__Exercise aim__. This exercise calls for retyping every line below exactly, with the images omitted.

__Data section__.
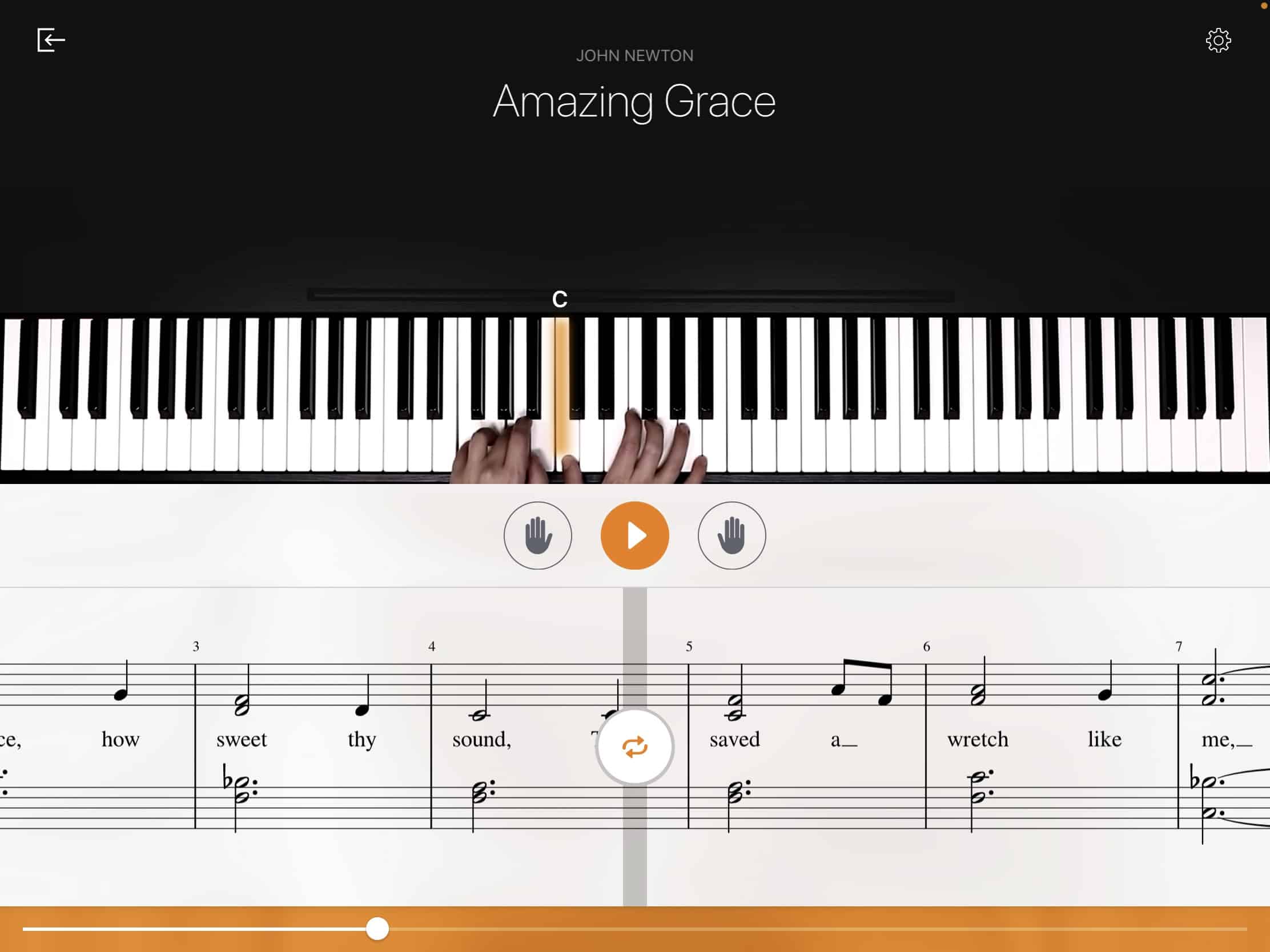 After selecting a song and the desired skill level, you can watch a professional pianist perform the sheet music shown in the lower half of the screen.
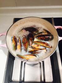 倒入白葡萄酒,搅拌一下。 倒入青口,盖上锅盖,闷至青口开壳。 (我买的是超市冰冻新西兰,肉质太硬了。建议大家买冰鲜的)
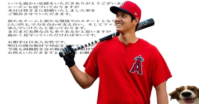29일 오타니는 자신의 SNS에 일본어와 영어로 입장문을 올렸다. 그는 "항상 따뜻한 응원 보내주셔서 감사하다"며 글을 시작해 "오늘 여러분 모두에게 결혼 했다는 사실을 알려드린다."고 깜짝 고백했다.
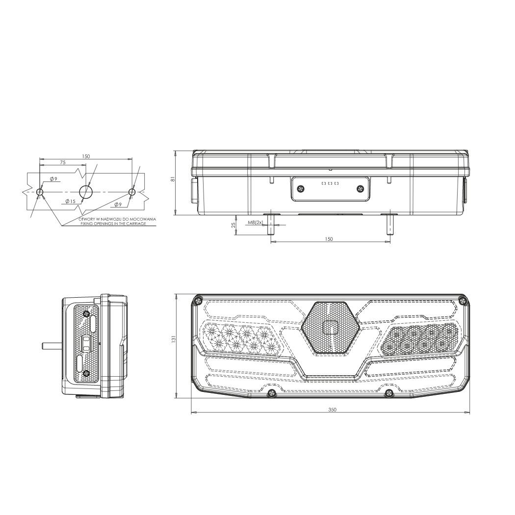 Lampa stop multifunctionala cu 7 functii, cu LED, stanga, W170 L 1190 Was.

__Your solution__.
 After selecting a song and the desired skill level, you can watch a professional pianist perform the sheet music shown in the lower half of the screen.
 倒入白葡萄酒,搅拌一下。 倒入青口,盖上锅盖,闷至青口开壳。 (我买的是超市冰冻新西兰,肉质太硬了。建议大家买冰鲜的)
29일 오타니는 자신의 SNS에 일본어와 영어로 입장문을 올렸다. 그는 "항상 따뜻한 응원 보내주셔서 감사하다"며 글을 시작해 "오늘 여러분 모두에게 결혼 했다는 사실을 알려드린다."고 깜짝 고백했다.
 Lampa stop multifunctionala cu 7 functii, cu LED, stanga, W170 L 1190 Was.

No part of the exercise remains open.